Abstract
Bu çalışmada, asetoksibenzoik asidin kristal yapısı ve moleküller arası etkileşimleri analiz edilmiştir. Kristal yapı analizi sonucunda, karbon (C), oksijen (O) ve hidrojen (H) atomlarının düzenlenmesi ve kimyasal bağları belirlenmiştir. Oksijen atomlarının moleküle polar karakter kazandırdığı ve hidrojen bağları gibi moleküller arası etkileşimlerde önemli bir rol üstlendiği tespit edilmiştir. CrystalExplorer yazılımı kullanılarak yapılan Hirshfeld yüzey analizi, molekülün çözücü moleküllerle olan etkileşimlerine odaklanmıştır. Bu analiz sayesinde moleküler etkileşimler ve yapı hakkında daha kapsamlı bir anlayış elde edilmiştir. Ayrıca, molekülün elektron yoğunluğu, eğrilik ve yüzey şekil indeksleri gibi özellikler haritalandırılmıştır. Asetoksibenzoik asidin yapısal ve elektronik özellikleri görselleştirilmiş, bu sayede kimyasal ve fiziksel özelliklerine dair daha derin bir anlayış kazanılmıştır. XRD analizi, molekülün kristalliğini ve tepe noktalarının konumlarıyla kristal yapının detaylarını ortaya koymuştur. Bu çalışma, asetoksibenzoik asidin moleküler yapısını ve etkileşim özelliklerini aydınlatarak moleküler düzeyde tepkime tahminlerine katkı sağlamıştır.
References
- Klemperer, W. (1992). Intermolecular interactions. Science, 257(5072), 887-888.

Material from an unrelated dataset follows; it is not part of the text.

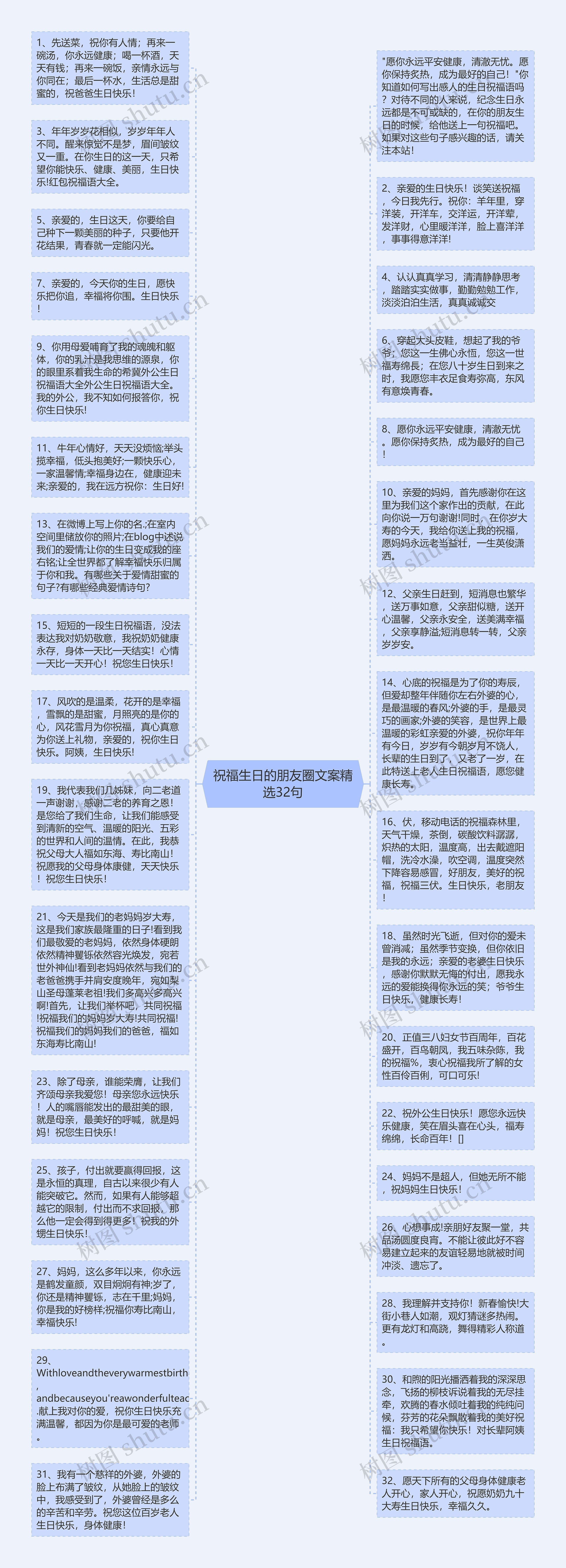 31、我有一个慈祥的外婆,外婆的脸上布满了皱纹,从她脸上的皱纹中,我感受到了,外婆曾经是多么的辛苦和辛劳。祝您这位百岁老人生日快乐,身体健康!

- Kaplan, I. G. (2006). Intermolecular interactions: physical picture, computational methods and model potentials. John Wiley & Sons.
- Spackman, M. A., & McKinnon, J. J. (2002). Fingerprinting intermolecular interactions in molecular crystals. CrystEngComm, 4(66), 378-392.
- Hunter, C. A. (2004). Quantifying intermolecular interactions: guidelines for the molecular recognition toolbox. Angewandte Chemie International Edition, 43(40), 5310-5324.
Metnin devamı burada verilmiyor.